Call for higher life insurance commission caps

According to financial services company AMP, there is a strong case for maintaining, or even slightly increasing, the current caps on life insurance commissions.

In a submission to the Treasury which is conducting a review of the quality of financial advice, AMP said: “We are concerned that there will be a low level of consumer uptake with a fee-only model, which would lead at significantly low levels of life insurance for Australians.”

AMP’s submission also stated: “As an advisory licensee, AMP is concerned about additional findings from the FSC (Financial Services Council) that the underinsurance deficit has increased, particularly in following segments: the self-employed without default coverage in their pension funds, single parents at a younger age, couples with or without children at an older age, and the sole breadwinner in high-income families.

“It also speaks to the sustainability concerns of life insurance companies, as new levels of activity have declined significantly and with lower levels of new customers (and potentially healthier customers), the ability to” Pooling “so important to the longevity and sustainability of insurance companies is also under pressure.”

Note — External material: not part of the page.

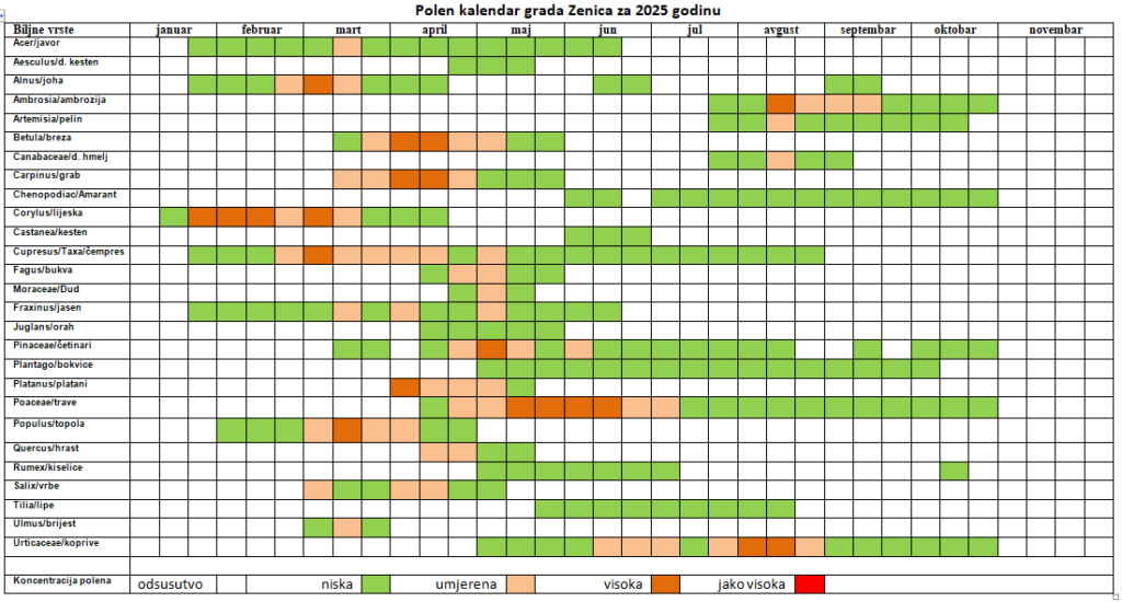 Sljedeći polenski kalendar za mjernu stanicu u zenici razvijen je korištenjem podataka aerobiološkog praćenja iz perioda 2020-2025. godine Polenski kalendar grafički prikazuje razdoblja prisutnosti različitih anemofilnih vrsta polena u zraku tokom godine i povezane nivoe  rizika.

AMP adds that life insurance is low risk when it comes to harming the customer. Overselling of life insurance is rare because many consumer protections are in place, including the best interest duty, internal dispute resolution, external dispute resolution, advisor education requirements, a single disciplinary body, etc.

Since this is a lower risk and young people are likely to benefit from it, several things need to happen. For instance:

  • life insurance should be easier to advise;

  • life insurance advice should be provided on a stand-alone basis and have a separate advice requirement; and

  • commissions should be increased to 80% upfront and 20% ongoing, which more appropriately rewards financial advisers for their work and will reverse the current trend of exiting advisers providing occasional life insurance advice , which in turn will provide greater access to life insurance advice and coverage.

Currently, initial commissions are capped at 60% of the initial premium and the ongoing maximum commission rate is 20%.